━━━ Material provided

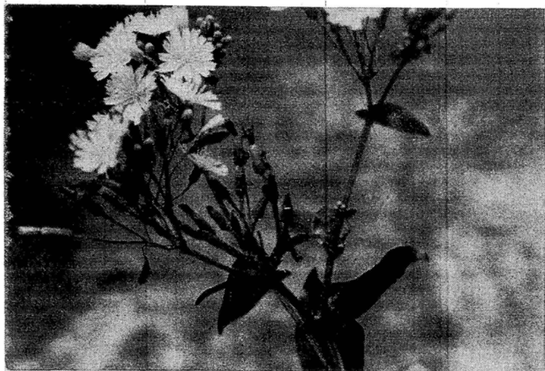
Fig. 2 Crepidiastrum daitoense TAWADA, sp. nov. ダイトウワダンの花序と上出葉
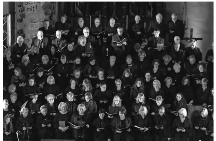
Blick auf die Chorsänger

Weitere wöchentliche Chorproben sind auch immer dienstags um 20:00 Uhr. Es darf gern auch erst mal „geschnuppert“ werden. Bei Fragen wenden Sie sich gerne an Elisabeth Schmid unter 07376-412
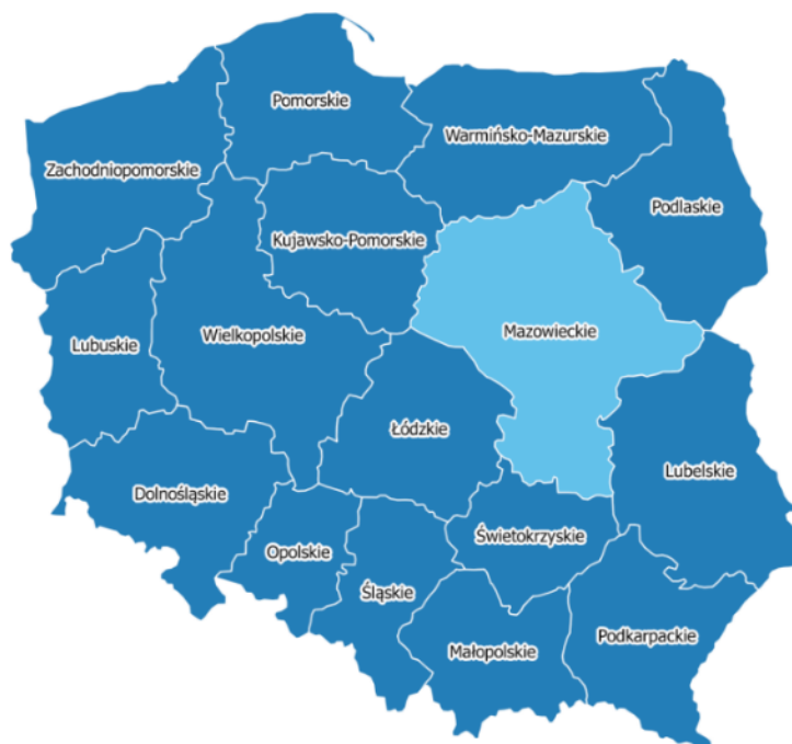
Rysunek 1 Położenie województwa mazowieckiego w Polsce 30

━━━━━━

Pictures are not part of the copy; transcribe the rest of the data verbatim.

Fig. 2 Crepidiastrum daitoense TAWADA, sp. nov. ダイトウワダンの花序と上出葉
Blick auf die Chorsänger

Weitere wöchentliche Chorproben sind auch immer dienstags um 20:00 Uhr. Es darf gern auch erst mal „geschnuppert“ werden. Bei Fragen wenden Sie sich gerne an Elisabeth Schmid unter 07376-412
Rysunek 1 Położenie województwa mazowieckiego w Polsce 30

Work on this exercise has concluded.